The Journal of Urology | 2000
Richard A. Hull; Delbert C. Rudy; William H. Donovan; Catharina Svanborg; Inge E. Wieser; Colleen Stewart; Rabih O. Darouiche
PURPOSE Escherichia coli 83972 was previously shown to establish bladder colonization in select patient groups. We evaluate the safety and feasibility of using bacterial interference with E. coli 83972 to prevent urinary tract infection in spinal cord injured patients. MATERIALS AND METHODS A total of 21 men and women with neurogenic bladder secondary to spinal cord injury underwent intravesical inoculation with E. coli 83972. Frequency of symptomatic urinary tract infection before and after colonization was compared. RESULTS Successful long-term bladder colonization was achieved in 13 study participants. Mean duration of colonization was 12.3 months (range 2 to 40). Subjects had no symptoms of urinary tract infection while colonized with E. coli 83972 (0 infection per 18.4 patient-years).
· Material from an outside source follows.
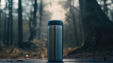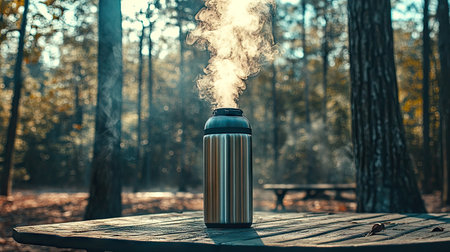 A stainless steel thermos with steam rising from the top, resting on a picnic table in a forest clearing.

Successfully colonized subjects had experienced a mean of 3.1 symptomatic urinary tract infections per year (range 2 to 7) before colonization. Symptomatic infection also occurred in 4 subjects who were not successfully colonized with E. coli 83972 and in 7 others after spontaneous loss of colonization. Colonized subjects reported subjective improvement in quality of life with respect to urinary tract infection while colonized. CONCLUSIONS E. coli 83972 may be safely used to establish long-term asymptomatic bladder colonization in spinal cord injured subjects. Preliminary findings suggest that colonization with E. coli 83972 may reduce the frequency of urinary tract infection in patients with neurogenic bladder secondary to spinal cord injury.